Abstract
Protein structure validation is an important step in computational modeling and structure determination. Stereochemical assessment of protein structures examine internal parameters such as bond lengths and Ramachandran (φ,ψ) angles. Gross structure prediction methods such as inverse folding procedure and structure determination especially at low resolution can sometimes give rise to models that are incorrect due to assignment of misfolds or mistracing of electron density maps. Such errors are not reflected as strain in internal parameters. HARMONY is a procedure that examines the compatibility between the sequence and the structure of a protein by assigning scores to individual residues and their amino acid exchange patterns after considering their local environments. Local environments are described by the backbone conformation, solvent accessibility and hydrogen bonding patterns. We are now providing HARMONY through a web server such that users can submit their protein structure files and, if required, the alignment of homologous sequences. Scores are mapped on the structure for subsequent examination that is useful to also recognize regions of possible local errors in protein structures. HARMONY server is located at http://caps.ncbs.res.in/harmony/
INTRODUCTION
Knowledge of the three-dimensional (3D) structure of a protein is essential to understand its function. Protein structures are determined by experimental methods, such as X-ray crystallography and nuclear magnetic resonance (NMR), or modeled by comparative (1–3) or combinatorial modeling techniques (4,5) or by de novo methods (6,7) and deposited in the Protein Data Bank (PDB) (8). When the 3D structure of a protein is determined by X-ray analysis, local errors can arise as a consequence of poorly defined electron density, particularly because of flexibility or disorder in loops. Global errors can occur occasionally because of misinterpretation or mistracing of the polypeptide chain. In comparative modeling, the quality of a model is highly dependent on correct template selection and sequence alignment between query and template (9). Combinatorial modeling or fold prediction methods can also lead to incorrect models. Such incorrect models are not easily identified by checking internal parameters or by calculating energy values.

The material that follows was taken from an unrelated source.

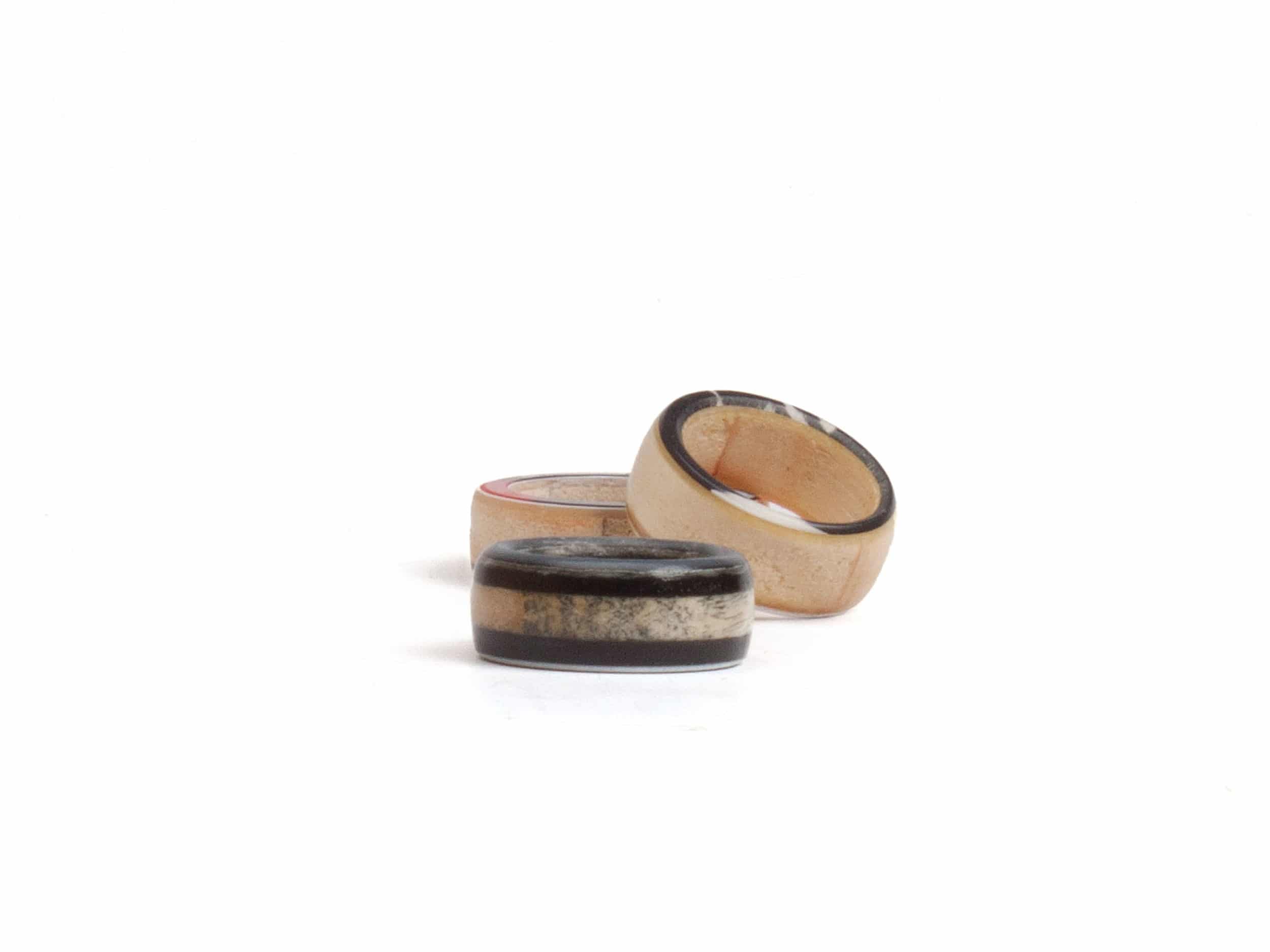 Das nennen wir schönes Recycling. Die Fingerringe gibt es in fünf Grössen (XS bis XL). Ein «musthave» für alle Boarder und Unikate-Liebhaber.

Various methods have been developed for protein structure validation and a majority of the current servers examine internal parameters, strains in bond torsions, disallowed conformations or by calculating the energies. These approaches mostly assess the stereochemical quality of the protein structures and provide no indication for the compatibility of the sequence to the structure. Few approaches assess the sequence–structure compatibility by analyzing the propensity of amino acid residues to be present in particular local environments (10–12) or psuedoenergies of pairwise residue interactions (13) or other similar parameters (14–17). Most of these approaches can perform well in the prediction of global errors in the gross structure. A few methods, such as those developed by Sippl et al. (Prosa) (13) and Eisenberg et al. (10) attempt to recognize errors in the local regions of protein structures with grossly correct fold. In this article, we report the availability of a web-based algorithm which employs the frequency of an amino acid type (propensity) as well as the frequency of amino acid replacements (substitution) in a particular structural environment to discriminate gross as well as local misfolds in protein structures. The results of our approach have been compared with other relevant methods (as in http://xray.bmc.uu.se/gerard/embo2001/modval/links.html) and have been provided in Supplementary Data.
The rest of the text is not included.